Input data Start Marker
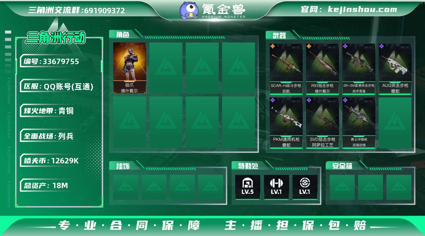 【959482】可二次 玩够能回血 1红维什戴尔 sjs11147 18m总资产-12629k哈夫币-20烽火等级-青铜-16战场等级-列兵 【干员外观】:骇爪-维什戴尔 【近战皮肤】:近战-黑鹰 【传说外观】:SCAR-H战斗步枪-启航,R93狙击步枪-维什戴尔 【史诗外观】:AUG突击步枪-蝮蛇,SR-3M紧凑突击步枪-战术竞备,勇士冲锋枪-深海恐惧,PKM通用机枪-蝮蛇,SVD狙击步枪-阿萨拉工艺 【稀有外观】:M4A1突击步枪-零点,ASh-12战斗步枪-星链科技,ASh-12战斗步枪-哈夫克航天,K416突击步枪-碳纤维,AK-12突击步枪-零点,SCAR-H战斗步枪-荣耀列队,Vector冲锋枪-先锋,勇士冲锋枪-冰天雪地,M1014霰弹枪-幻影结构,QJB201轻机枪-哈夫克卫队,SVD狙击步枪-战术行动,SR-25射手步枪-开拓,QSZ92G-一帆风顺 【普通外观】:M4A1突击步枪-粉色涂装,M4A1突击步枪-高雅黑,M4A1突击步枪-海色,QBZ95-1突击步枪-海浪,QBZ95-1突击步枪-海色,K416突击步枪-几何迷彩,K416突击步枪-高雅黑,AUG突击步枪-浅蓝涂装,M7战斗步枪-红色涂装,SG552突击步枪-海浪,SCAR-H战斗步枪-数码迷彩,G3战斗步枪-高雅黑,PTR-32突击步枪-黄蜂,MP5冲锋枪-海色,UZI冲锋枪-海色,UZI冲锋枪-狂欢,M1014霰弹枪-高雅黑,QJB201...
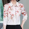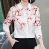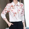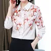 Camisas de seda femininas brancas e pesadas, blusa de cetim estampada para mulheres, camisas de manga comprida, moda casual 3xg
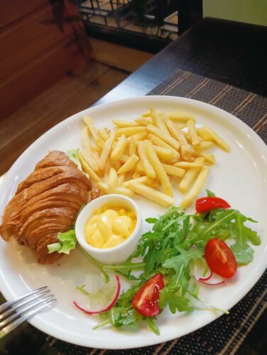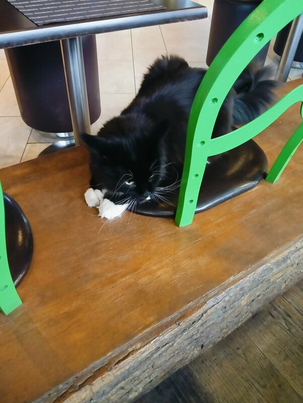 Уютное кафе, встречает мейн-кун Сенатор, большой и красивый котик, поют птички. Вкусные завтраки и выпечка
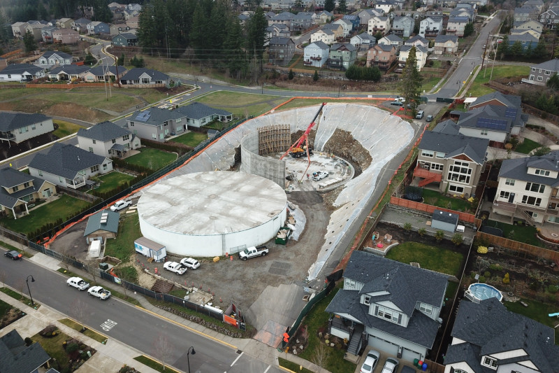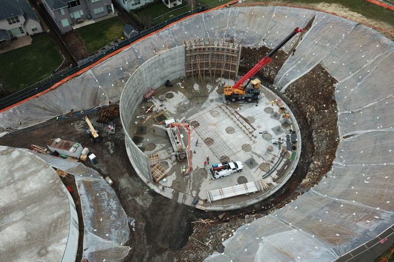Ward-Henshaw was selected as the contractor for this project thru a competitive and qualifications-based alternative project delivery procurement process. Our constructability review prior to start of construction allowed us to assist in a design change for the wall footing foundation which saved time on the schedule, provided cost savings, and reduced a potential leak joint for the Owner. Additionally, our team proposed alternative routes for yard piping that improved the project integrity and allowed for greater safety during construction. Scope of Ward-Henshaw’s work included construction of a new 3.0MG prestressed concrete reservoir, involving mass excavation, soil nailing stabilization, offsite stockpiling, and extensive coordination with nearby residents. Activities near an existing reservoir and pump station that needed to remain in service presented logistical challenges early that became a beneficiary of the collaborative team environment.
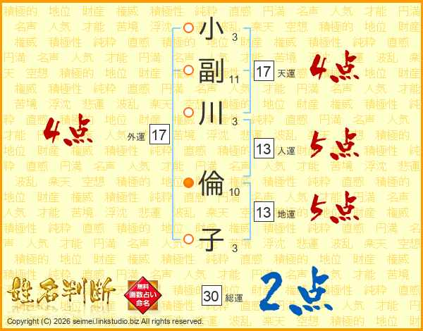 小(3画)副(11画)川(3画) 倫(10画)子(3画)
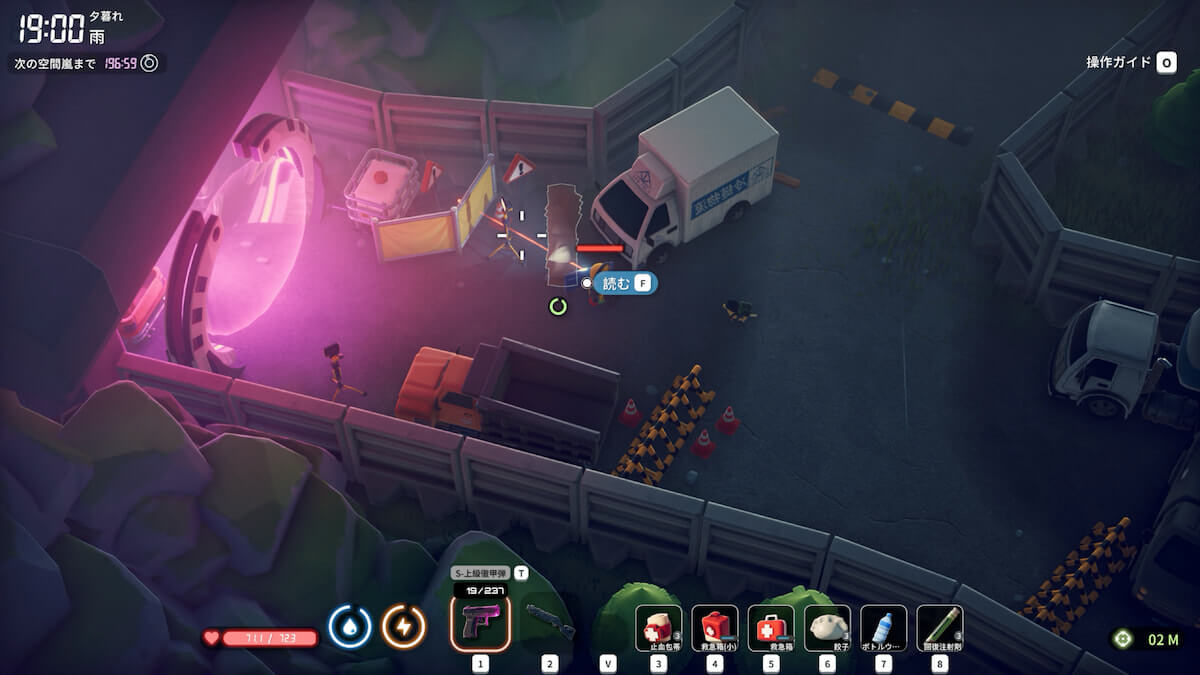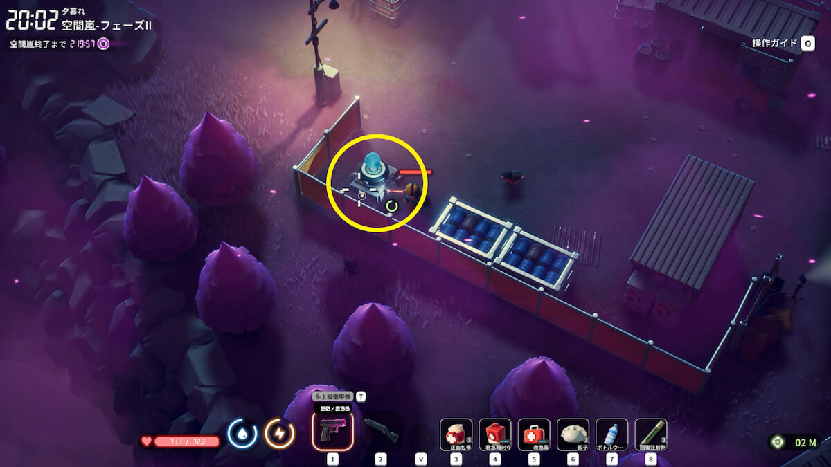 嵐エリアに入ったら、通路をまっすぐ進みましょう。左側の作業現場でビーコンを発見できます。
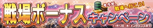 11月12日(水)メンテナンス開始までのイベント期間中、戦場や曜日ミッションにて戦闘経験値ボーナスや資源量ボーナスなど、5つのボーナスを受けることができる。
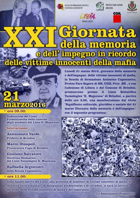 Lunedì 21 marzo 2016, giornata dell’impegno e della memoria delle vittime innocenti di mafia, la scuola di formazione “A.Caponnetto”, l’IISS ‘Ettore Majorana’ di Brindisi, Proteo Fare Sapere di Brindisi, CGIL prov. BR e con l’adesione di Libera e
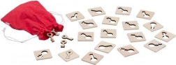 Otkrijte zabavnu i obrazovnu igru Taktilno memo Ključevi od GOKI, koja razvija finu motoriku, taktilnu percepciju i zapažanje. Djeca i odrasli traže odgovarajuće šablone za pojedine ključeve i natječu se tko će pronaći najviše parova. Igra nudi dva režima igre za različite razine vještina i izrađena je od kvalitetnih materijala.
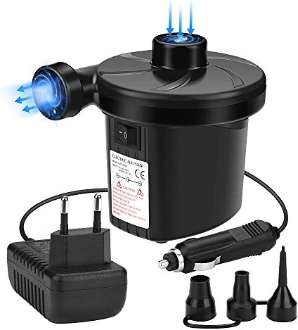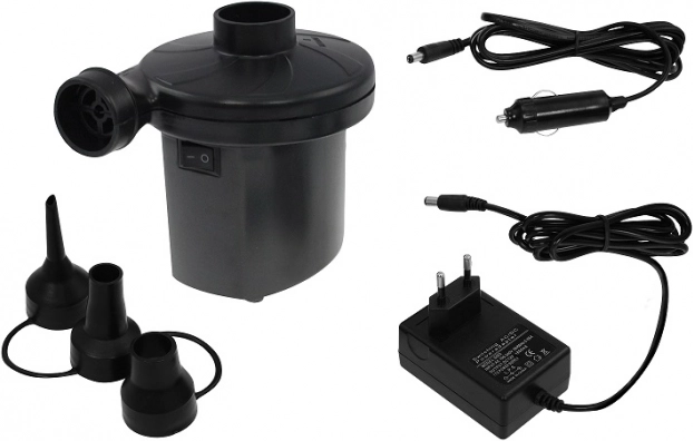 Este disponibilă și funcția de inversare, astfel că vă ajută și la golirea aerului din obiectele voluminoase. Pompa include conectori pentru priza auto. Sunt disponibile și 3 duze diferite și un debit de aer de 250 l/min.
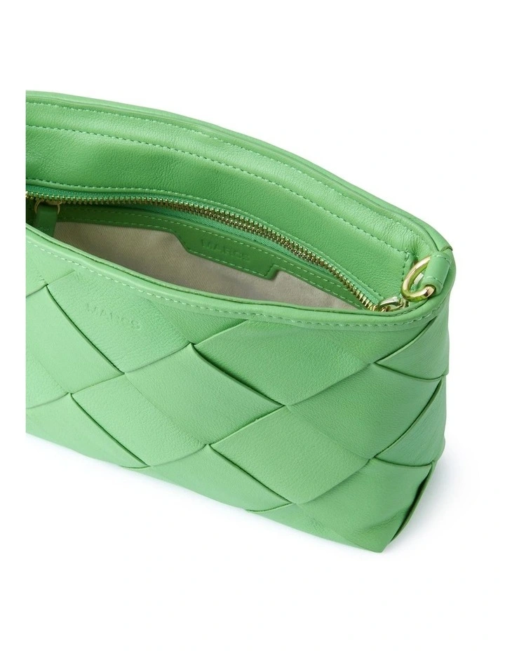 Endlessly appealing in crisp apple green, this bag uses buttery soft leather to create a woven effect, to fasten securely at the top with a gold metal zip. Lined with recycled cotton, the bag is completed by a large Marcs branded zip pull, and a long detachable strap that allows it to be worn either as a shoulder bag or as a clutch.
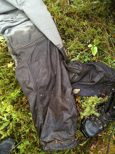 Jag är ingen hjälte när det gäller att ta mig fram på svåra ställen även om jag brukar klara en hel del när tävlingsdjävulen i mig är igång. Blöt var jag ju redan efter plumset i dyhålan så det var inte det som stoppade mig, men däremot rädslan för att halka och ramla på stenarna. Jag vet ju också att mina kängor inte har några sulor som passar på halkiga underlag, hur rejäla de än är för övrigt.
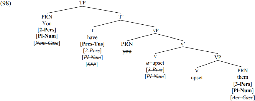 [T HAVE] then probes and locates the pronoun YOU as the only active goal with an unvalued case feature which it c-commands. This results in the pronoun valuing and deleting the person/number features of the auxiliary, and conversely in the auxiliary valuing the case feature of the pronoun as nominative, and deleting it: hence the items HAVE and YOU are spelled out as HAVE and YOU at PF. The [EPP] feature of T triggers raising of the pronoun you from spec-vP to spec-TP (thereby deleting the [EPP] feature on T), deriving the structure (98) below:
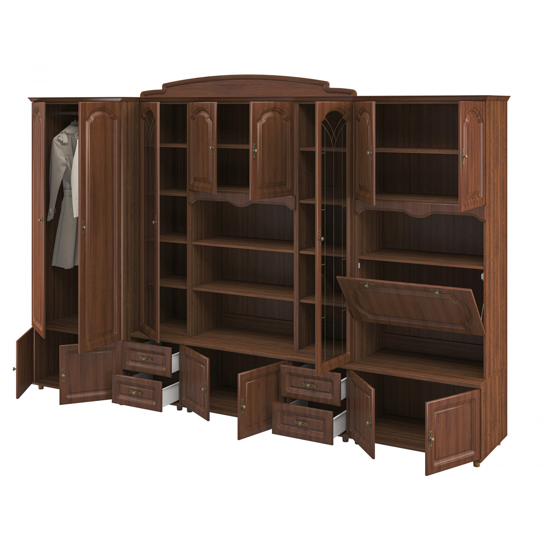 Стенка в гостиную "Романитка"  не устаревающая классика на все времена.Длина стенки 3240мм, высота 2180мм, глубина 610мм. Вместительный шкаф для одежды, закрытые полочки для белья, ящики для хранения вещей , ниша под ТВ . Многофункциональная, в классическом цвете "орех темный" стенка в гостиную "Романитка ВК-09.01"  отлично впишется в интерьер дома, квартиры, уютного коттеджа.
Input data End Marker
▸ What you are asked to do
Repeat word for word the lines above, from the first entry through the line containing "Уютное кафе, встречает", with both ends kept and the pictures dropped.

▸ Task answer
 【959482】可二次 玩够能回血 1红维什戴尔 sjs11147 18m总资产-12629k哈夫币-20烽火等级-青铜-16战场等级-列兵 【干员外观】:骇爪-维什戴尔 【近战皮肤】:近战-黑鹰 【传说外观】:SCAR-H战斗步枪-启航,R93狙击步枪-维什戴尔 【史诗外观】:AUG突击步枪-蝮蛇,SR-3M紧凑突击步枪-战术竞备,勇士冲锋枪-深海恐惧,PKM通用机枪-蝮蛇,SVD狙击步枪-阿萨拉工艺 【稀有外观】:M4A1突击步枪-零点,ASh-12战斗步枪-星链科技,ASh-12战斗步枪-哈夫克航天,K416突击步枪-碳纤维,AK-12突击步枪-零点,SCAR-H战斗步枪-荣耀列队,Vector冲锋枪-先锋,勇士冲锋枪-冰天雪地,M1014霰弹枪-幻影结构,QJB201轻机枪-哈夫克卫队,SVD狙击步枪-战术行动,SR-25射手步枪-开拓,QSZ92G-一帆风顺 【普通外观】:M4A1突击步枪-粉色涂装,M4A1突击步枪-高雅黑,M4A1突击步枪-海色,QBZ95-1突击步枪-海浪,QBZ95-1突击步枪-海色,K416突击步枪-几何迷彩,K416突击步枪-高雅黑,AUG突击步枪-浅蓝涂装,M7战斗步枪-红色涂装,SG552突击步枪-海浪,SCAR-H战斗步枪-数码迷彩,G3战斗步枪-高雅黑,PTR-32突击步枪-黄蜂,MP5冲锋枪-海色,UZI冲锋枪-海色,UZI冲锋枪-狂欢,M1014霰弹枪-高雅黑,QJB201...
 Camisas de seda femininas brancas e pesadas, blusa de cetim estampada para mulheres, camisas de manga comprida, moda casual 3xg
 Уютное кафе, встречает мейн-кун Сенатор, большой и красивый котик, поют птички. Вкусные завтраки и выпечка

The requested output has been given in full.